# Can equations be simplified with the help of a given set of equations?

There are many posts here and elsewhere asking for algorithms to simplify simple arithmetic expressions. For example, this question asks how to simplify the expression $$axc + byc + ayc + bxc$$. Symbolics and xcas are two examples among many of Computer Algebra Systems (CAS) that can do this. But Symbolics and xcas perform differently: Symbolics can simplify the expression above and turn it into $$cx(a + b) + cy(a + b)$$, whereas xcas completely factorizes the expression into $$(a + b)c(x + y)$$.

I was wondering if there is any CAS that simplifies expressions based on some set of equations that you can input into the system?

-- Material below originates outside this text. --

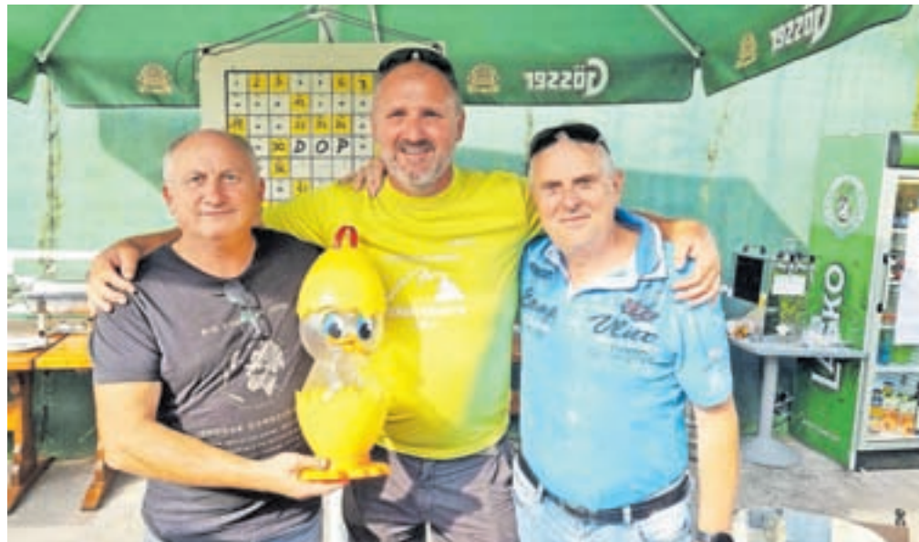
Na društvenem družinskem pikniku

Cerklje – Po uspešno organiziranih prireditvah pozimi in spomladi smo v Društvu obrtnikov in podjetnikov Cerklje poletne mesece namenili za sproščeno medsebojno druženje. Na letošnji dvodnevni izlet smo se odpravili v hrvaško Istro, kjer smo prvi dan najprej obiskali uspešno družinsko podjetje Aura v Buzetu, se v Rovinju vkrkali na ladjico za panoramsko vožnjo s piknikom, lep poletni dan pa zaključili z obiskom Medulina, kjer so nas sprejeli predstavniki našega pobratenega mesta, župan in predstavniki Turističnega združenja. Naslednji dan smo največ časa posvetili obisku narodnega parka na Brionih z bogato zgodovino, ob vrnitvi z otoka pa se srečali z našim članom, ki nam je v Fažani pripravil dobrodošlico, za kar se mu lepo zahvaljujemo. Na poti domov smo obiskali še »najmanjše mesto na svetu – Hum«, v katerem živi le peščica prebivalcev, vendar na svojevrsten način pritegnejo številne obiskovalce. Poletje je prav tako čas za tradicionalni društveni družinski piknik, ki smo ga letos organizirali s pomočjo Pizzerije pod Jenkovo lipo in se ga je udeležilo lepo število članov in njihovih družin. Osrednji dogodek

As an example, assume that we knew $$a + b = 2$$ and $$x + y = -1$$: is there any known (implemented) algorithm that given said equations, would factorize the expression above into simply $$-2c$$ ? Perhaps it's more pertinent to ask: could such an algorithm exist?

In the example above, we can set $$y = -1 - x$$ and $$b = 2 - a$$ (as pointed out in a comment), but in more complicated examples it might not be possible.

• Not sure the this is what you want, but setting $b:=2-a$ and $y:=-1-x$ will give you the desired simplification.
– user16034
Commented Sep 23, 2022 at 14:56

If your knowledge is in the form of linear equations, as in your example, then you can make a simple substitution. In your example, set $$b=2-a$$ and $$y=-1-x$$, as Yves Daoust suggests. This will work for any system of linear equations.